I just want to let anyone who has been thinking about it know. The unfinished slingshot kits that Gamekeeper John is selling is a great deal indeed! You get full value for you money, and then some. I purchased this "Hawk" from him and I am totally satisfied withe the deal. Please do not hesitate to buy one of these.

Very clean cutout (note the nice double TBG bandset that's included)...









Excellent design (like all his stuff)









And the multiplex he uses is very fine!









When I get this finished, I will post again. Great deal, Thank you John!


----------



## e~shot (Jun 3, 2010)

It looks already finished.


----------



## shot in the foot (Jan 3, 2010)

They are a good deal, a band set like that cost £6 on ebay, waiting to see what you do with it, jeff


----------



## gamekeeper john (Apr 11, 2011)

glad u liked it dayhiker, i look forward to seeing the finished product, john


----------



## Dayhiker (Mar 13, 2010)

Okay, I'm a little embarrassed, now -- this isn't named "The Hawk" by its maker, John. Sorry, mate.









The name of it is "The Falcon". . . Anyways, I finished it, and here's my review.

First off, it's a brilliant fork in every way, a great shooter and easily pocketed for the poaching breed. I got nothing bad to say about this catty and still think the price is practically a steal.

The only problem I had with it is that the handle is a bit short and the sharp point at the base dug uncomfortably into me mitt. This I handled with a little reshaping as shown below.










I'm holding this in my left hand for the camera, but I hold in my right to shoot. You can see where I rounded one of the points on the base of the handle.

Now the other problem I had -- due to my own heavy handedness -- is a couple of marring boo-boo's you can see in the finish. The multiplex John uses is very high quality and has many more layers than what I'm used to working with, but I wasn't expecting how thin the surface veneer is so I was a little rough with it. My fault entirely and I will know better next time. Sorry again, John.

More pics. . .

This is held in the right (correct) hand.

__
Sensitive content, not recommended for those under 18
Show Content










The bands are strong! Practically exploded a soda can with 1/2-inch steel ball. (but these are too strong for me till I get my hand fixed).
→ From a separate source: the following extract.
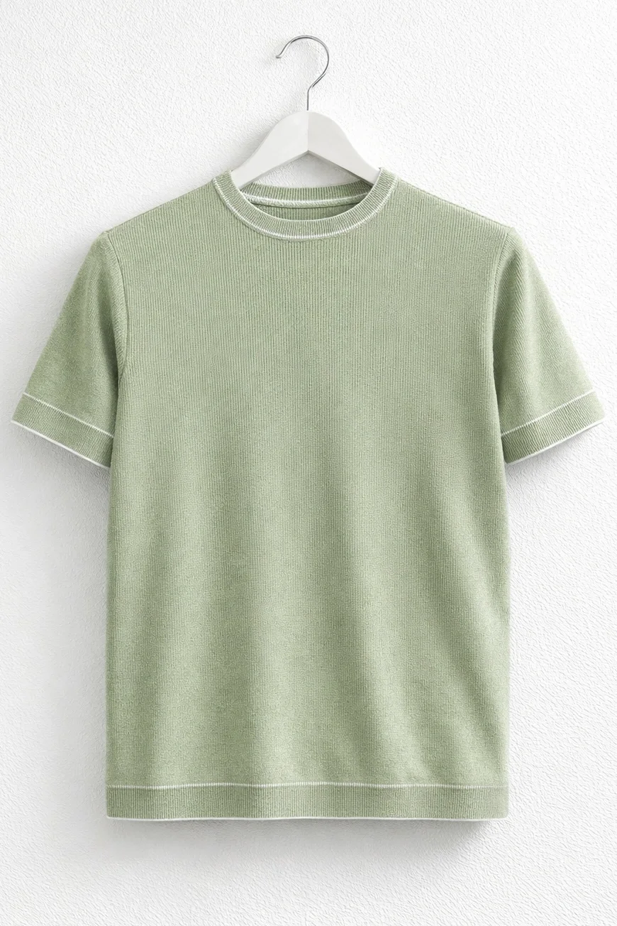Erkek Açık Yaka Bloklu Triko Tişört Açık Yeşil Cd174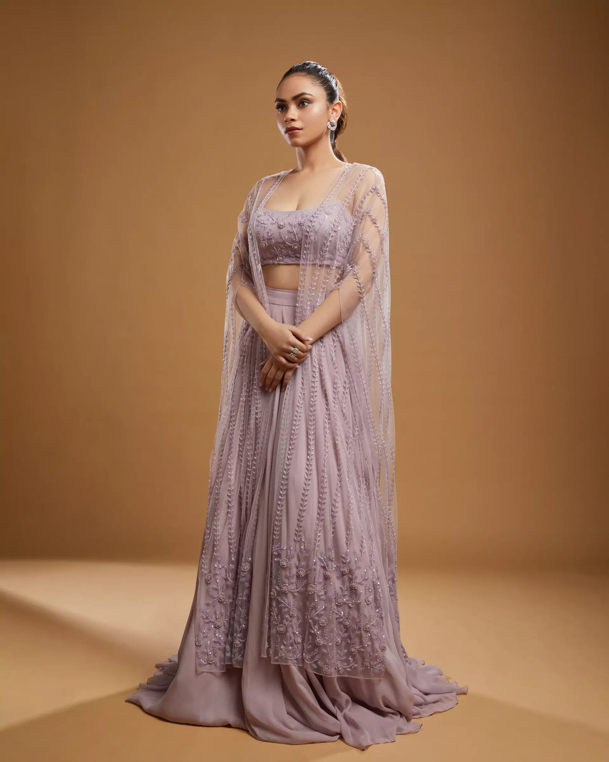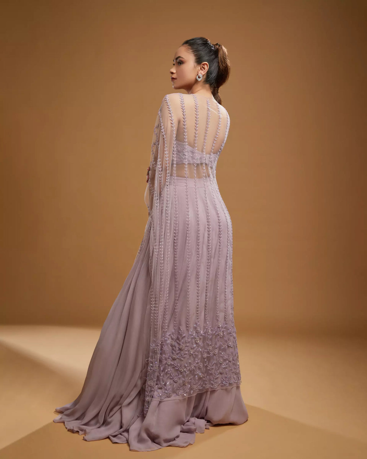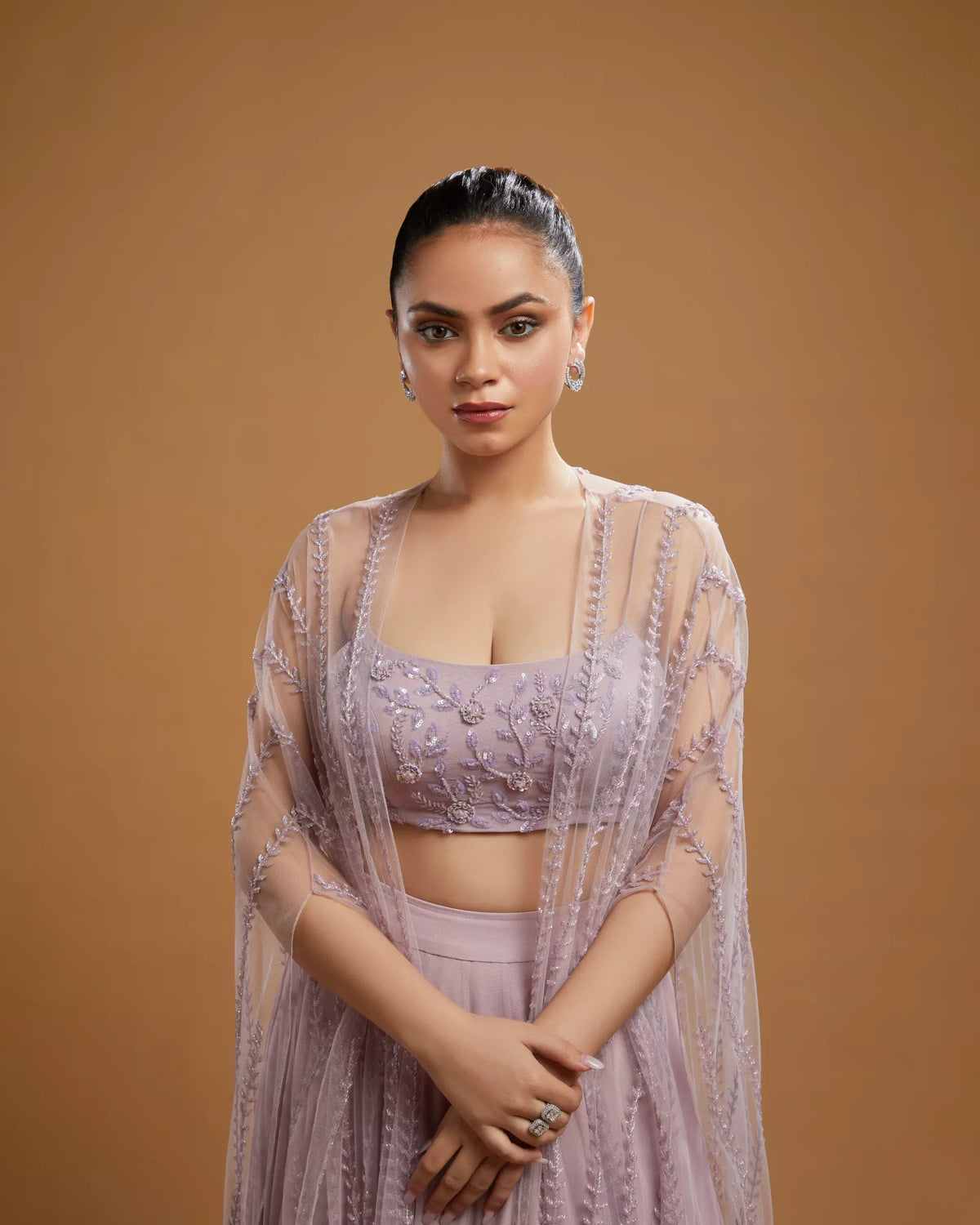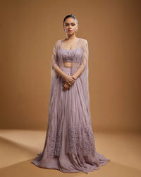 FEATURING TASMIN - Tasmin is a jacket lehenga set with an embroidered jacket and blouse paired with a fluid georgette skirt. embellished with glass beads and sequins over a net and georgette base.

The wood was very easy to work with. I customized it to my hand quite easily and quickly with a file and some sandpaper. Finished with some MinWax stain-sealer and 5 coats of wipe-on satin poly.

I give this kit high marks and would recommend it to anyone who wants it for any reason. It's a _*great *_buy.


----------



## e~shot (Jun 3, 2010)

Wow,







. Gamekeeper Catapult Made in USA


----------



## shot in the foot (Jan 3, 2010)

Nice job, i stained mine, they are a good quality blank, jeff


----------



## gamekeeper john (Apr 11, 2011)

very nice work on the blanks DH and jeff! it woud make my job a lot easier if all i had to make was blanks hahaha, they all came out real good! i will be selling the blanks on there own soon at £5 each, all the best john


----------



## harpersgrace (Jan 28, 2010)

Great looking fork DH, excellent job finishing it, I know what you mean about that double TB it's a killer, John was kind enough to do a single band set for me knowing about my bad arm. Nothing but good can be said about john's forks.


----------



## mckee (Oct 28, 2010)

U did a good job DH!


----------